Laiklik öldürüldü. Yara mı kaldı ki yaralar sarılsın. “Seçim için her şey geçerli”yse F. Gülen’in 2010 Anayasa oylaması için "mezardakileri bile kaldırarak referandumda 'Evet' oyu kullandırmak lazım. Ben zannediyorum kalkarlar da"  sözleri neden fıkra gibi anlatıldı?

Teklif, 4 Ekim 1926’nın Medeni Yasanın yürürlük tarihinin yıldönümünde, eş zamanlı olarak basını ve emekçilerini tehdit eden yasa teklifinin Meclis gündeminde olduğu zamanda yapılıyor.

Düzen içi siyasetten teklife destekler sürüyor. Fırsatçılık böyle… AKP fırsatı CHP’ye kaptırmamak için “yasa yetmez, anayasa” savını kullanıyor. Böylece anayasal laiklik güvencesi CHP kışkırtmasıyla ortadan kaldırılacak. AKP hem 2008’in intikamını almış olacak hem de Cumhuriyetin yıkım işine, gericileştirmeye düzen içi muhalefeti de çektiği için mutlu olacak. Kapitalizmle, emperyalizmle sorunu olmayan CHP yönetiminin “toplumsal barış” dediği tam da buraya oturuyor. Biri “yasa yetmez, anayasa”, diğeri “anayasa değil, yasa” diyor. Haydi buyurun, temel sorunları unutun, hukuk içinde tartışıp durun…

Dinselleşme özgürlük ve hukuk kılıflarıyla eğitime, devlete, siyasete, toplumun yaşam tarzına sokuluyor, kadın ve çocuk istismarı, her türden dinsel istismar sürüyor, yok edilen laiklik üzerinde tepiniliyor: Özel güzeldir; dinsellikle yoğrulmuş, aydınlanmayı, bilimi ve siyaseti işine geldiği gibi kullanan, halkı kul ve şükürcü yapan özel daha güzeldir.    

Hukuk, sağlık, eğitim, akademi, medya, sendikalar, dernekler, vakıflar, meslek örgütleri, ordu, emniyet, yargı, parlamento… Kurumlar, kurallar ve siyaset kapitalizm tarafından fethedilirken gericilik, dinsel örgütlülük, milliyetçilik kullanıldı, daha da kullanılmaya devam edecek gözüküyor.

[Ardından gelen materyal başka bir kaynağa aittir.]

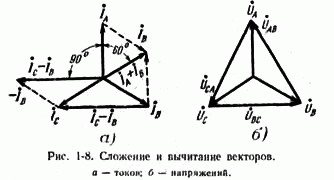 Вместе с тем на рис. 1-8, а показано, что вектор разности токов можно построить проще, соединив линией концы векторов При этом стрелка вектора разности токов направлена в сторону первого вектора, т. е.

Milliyetçiliğin, gericiliğin ve sömürücülerin kuyruğuna takılarak eşitlik, özgürlük, adalet kavgası verilebilir mi? İnsanlık kavgası verilebilir mi?

Bu siyaset ve girişimler neyi örtüyor? Kapitalist ve emperyalist ilişkileri, sermaye-devlet-tarikat-mafya ilişkilerini, gericiliği ve siyasal İslamı, etnik kavgaları, yağmayı, işgali, işsizliği, yoksulluğu, sınıfsallığı, bütünüyle sömürüyü…

Burjuvazinin ihaneti içine doğan aydınlanmanın 21. yüzyılda getirildiği yerin, laikliğin yok edilmesinin zehirli meyvelerini yedirmeye kalkışıyorlar. Emekçi halkın hak ve eşitlik savaşımlarını, sınıfsal savaşımlarını kırıp liberallerle, sömürenlerle, gericilerle uzlaşmasını istiyorlar.

Sağından solundan, altından üstünden, önünden arkasından düzeltme/uzlaşma adı altında sömürücü düzen sürdürülmeye çalışılıyor.

Emekçi halk gerici ve sömürücü batak içine girmeyecek.

Hukuk esnekliklerini ve oyunlarını, siyasal çıkarları, düzen içi kandırmacaları tepe taklak ederek, Toplumcu Anayasada da belirtildiği gibi açık ve net olarak yapılması gereken tek şey: Hukukun, eğitimin, parlamentosu ve yargısıyla tüm devlet işlerinin, ekonominin tümüyle ya da bir bölümüyle, dine ve din kurallarına dayandırılmaması. Yurttaşların dinsel inanışlarını ya da inanmamalarını hiçbir şekilde açıklamaya zorlanmaması, dinsel inançlara hiçbir resmi belgede yer verilmemesi. Dinin siyasallaştırılmasına, siyasetin dinselleştirilmesine ve dini kuralların toplumsal yaşamı düzenleme girişimlerine engel olunması.

Demokrasi adı altında adaletsiz seçimlerle, özgürlük adı altında dinsel gericilikle toplumun tutsak alınmasına, sömürüye son vermeye kararlı olan komünistlerin çözümü bu düzenin değişmesi, sosyalizmin eşitliği, özgürlüğü, adaleti ve aydınlığı.